Raw data —

━━━━━━━━

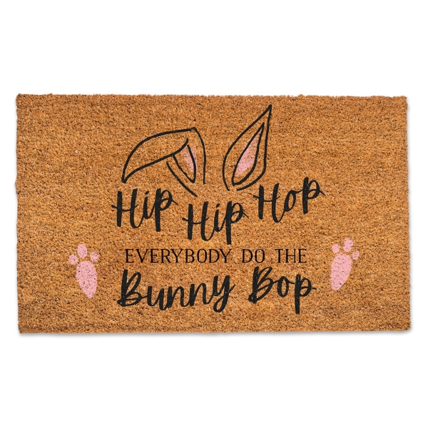 Welcome every-bunny into your home this spring with this Do the Bunny Bop Doormat. Its fun, cheery design will put the cutest Easter touch on your entryway! Doormat measures 30L x 18H in. Crafted of coir with a vinyl back Features the phrase "Hip hip hop everybody do the bunny hop" with bunny ears and footprints Hues of brown, black, and pink Water and mildew resistant Safe for outdoor use Designed and printed in the USA Care: Shake well periodically to prevent dirt build up. To maintain vivid colors, avoid direct exposure to sunlight. This item is available at Kirklands.com only, not available in stores. Please note: this item cannot be shipped to APO/FPO addresses.
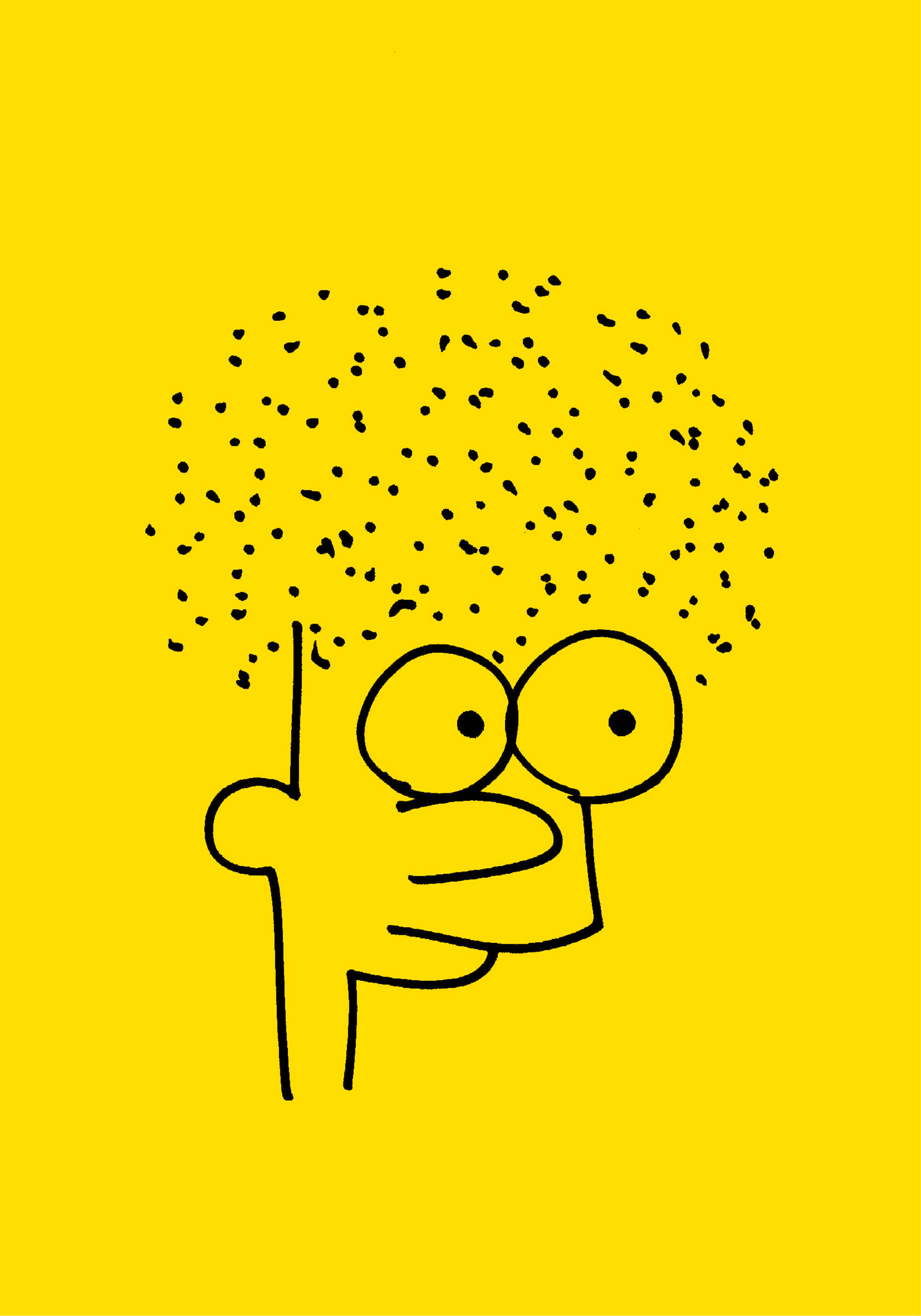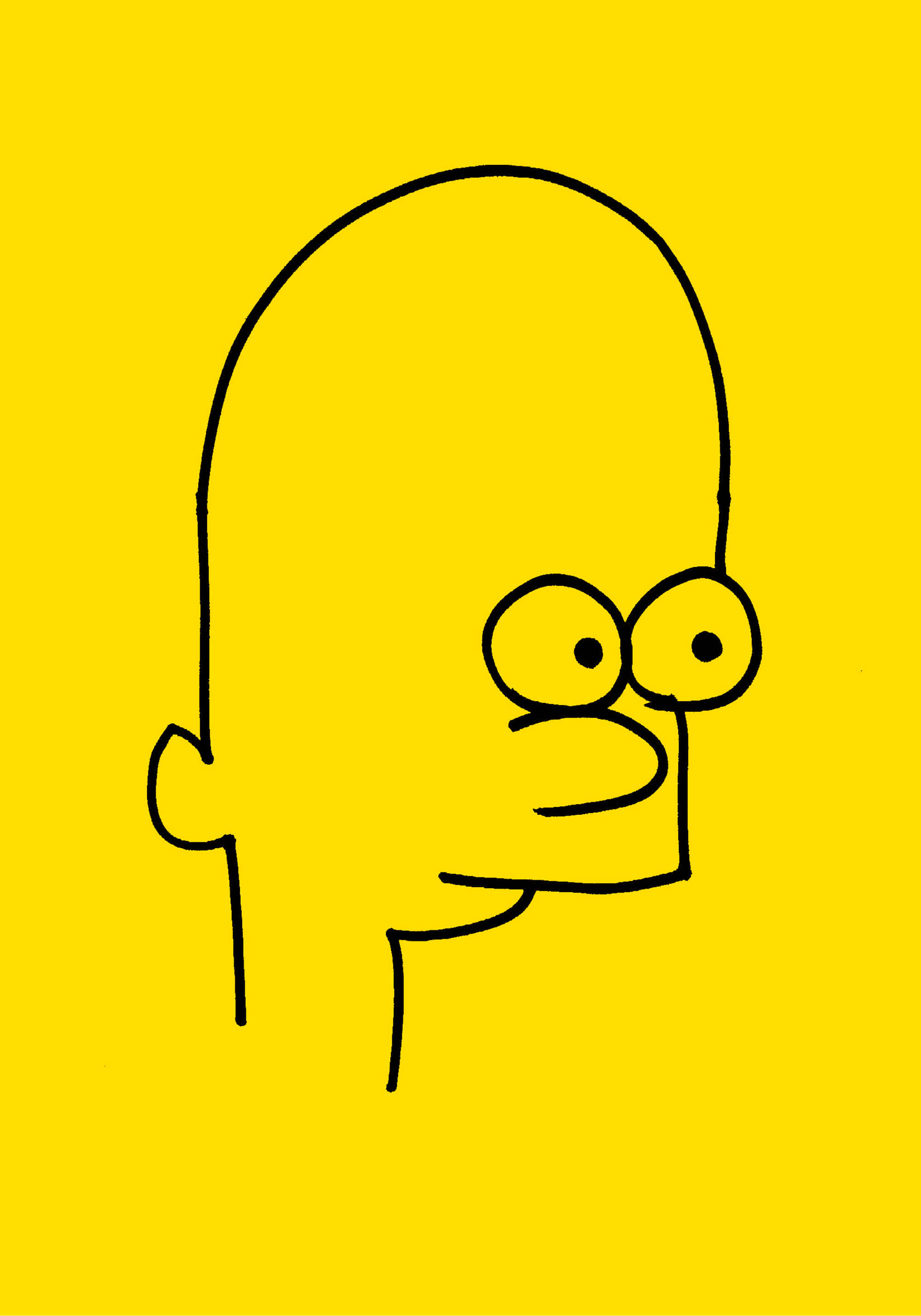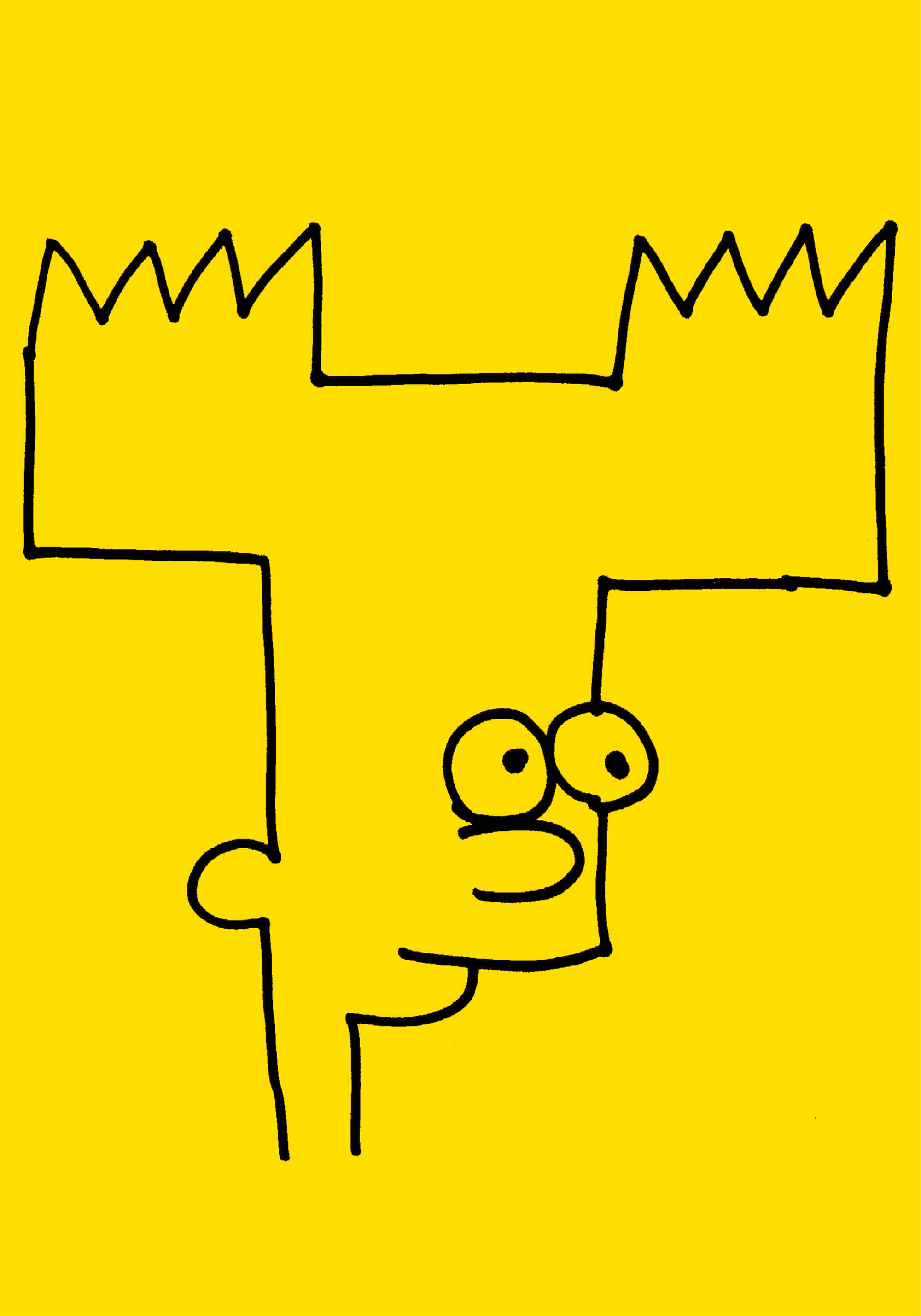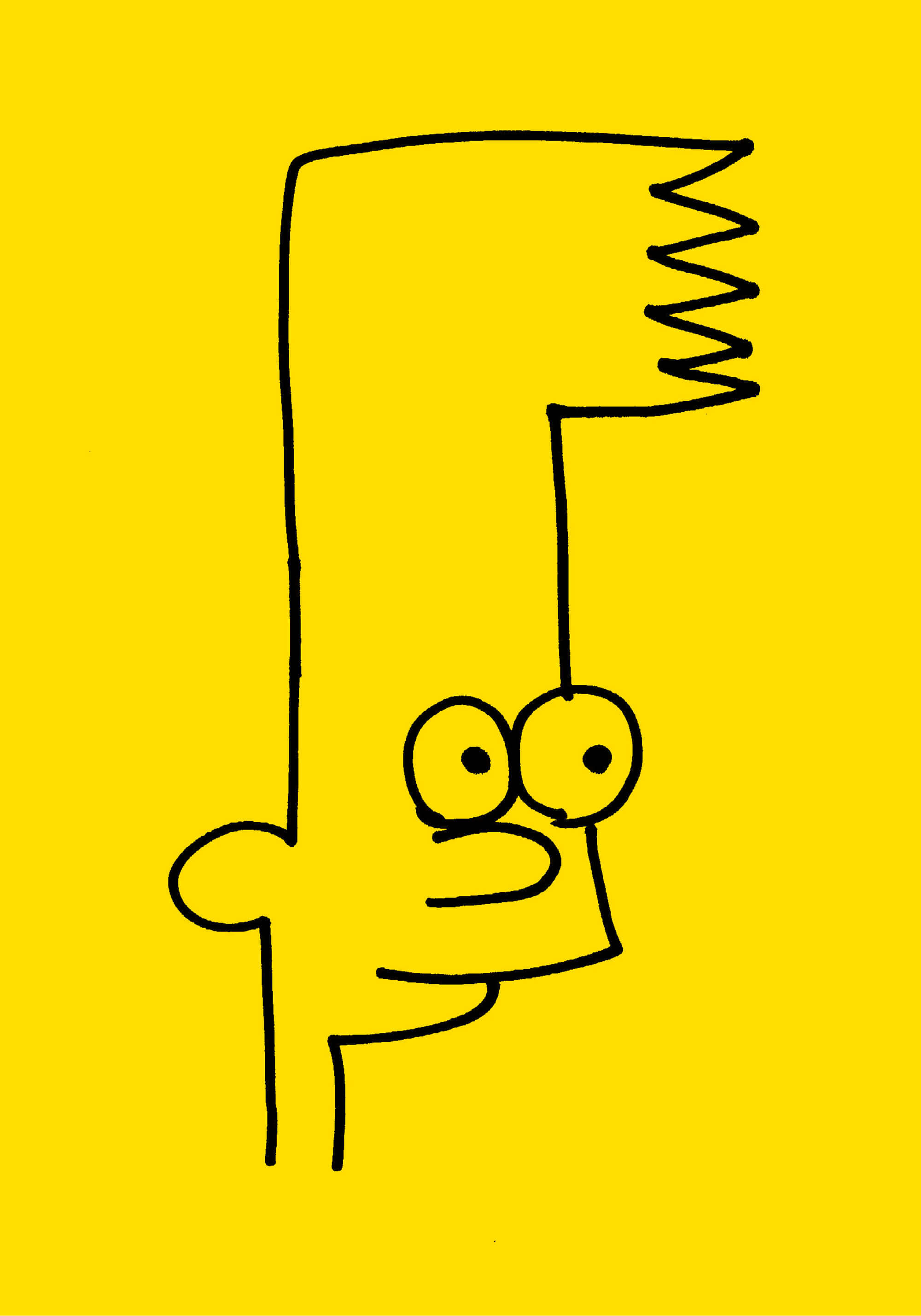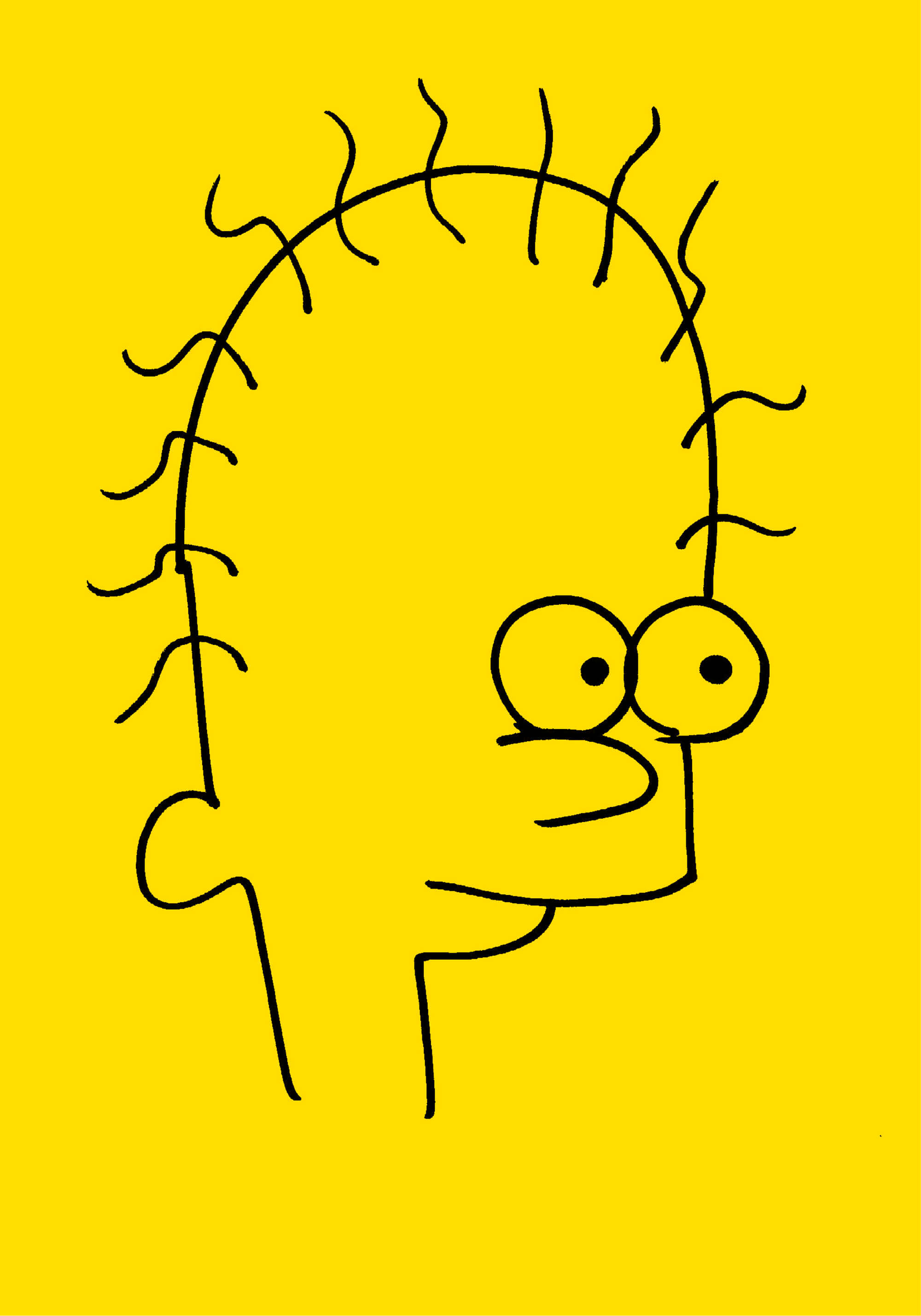 Although the structure of the face—the eyes and lips—remains identical, the artist lets his pen run wild and distort Bart’s outline: sometimes he ends up bald, and at other times with a thick column of hair, when the top of his head isn’t taking on all the different geometric shapes possible.
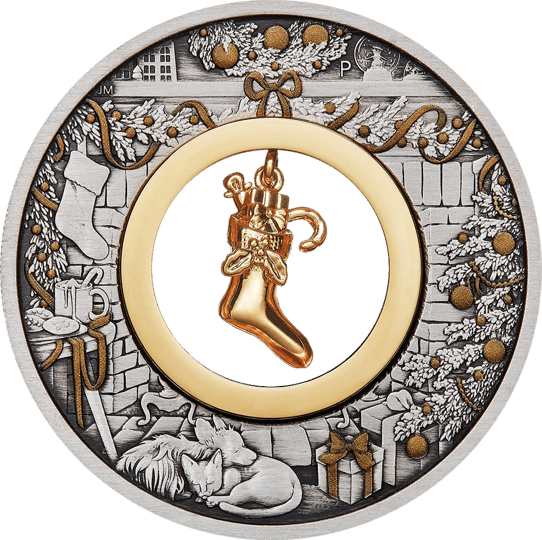 Die Münze besticht durch ihr außergewöhnliches Design. Auf der Vorderseite sehen wir ein liebevoll gestaltetes Weihnachtsmotiv im Stil eines Kamins, mit einer besonderen Öffnung in der Mitte der Münze. Hier hängt ein vergoldeter Strumpf, der auf eine alte Tradition hinweist: Kinder hängen ihre Strümpfe am Kamin auf, in der Hoffnung, dass diese am nächsten Morgen mit Geschenken gefüllt sind. Auf der Rückseite der Münze ist ein Nistelzweig zu sehen, der die Münze kunstvoll umschwingt.
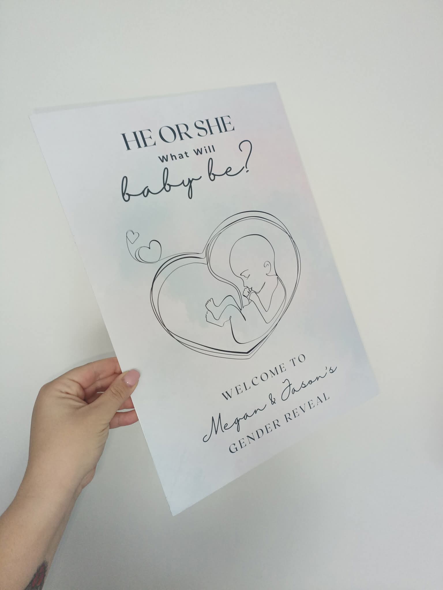 Pink Blue Baby Gender Reveal Welcome Board Sign | Personalised Gender Reveal Board | Party Sign | A4, A3, A2

━━━━━━━━

Directions — Restrict the output to the lines from the one with "Die Münze besticht" through the last line of the material above. Print them exactly, leaving out every picture.

Written response —
 Die Münze besticht durch ihr außergewöhnliches Design. Auf der Vorderseite sehen wir ein liebevoll gestaltetes Weihnachtsmotiv im Stil eines Kamins, mit einer besonderen Öffnung in der Mitte der Münze. Hier hängt ein vergoldeter Strumpf, der auf eine alte Tradition hinweist: Kinder hängen ihre Strümpfe am Kamin auf, in der Hoffnung, dass diese am nächsten Morgen mit Geschenken gefüllt sind. Auf der Rückseite der Münze ist ein Nistelzweig zu sehen, der die Münze kunstvoll umschwingt.
 Pink Blue Baby Gender Reveal Welcome Board Sign | Personalised Gender Reveal Board | Party Sign | A4, A3, A2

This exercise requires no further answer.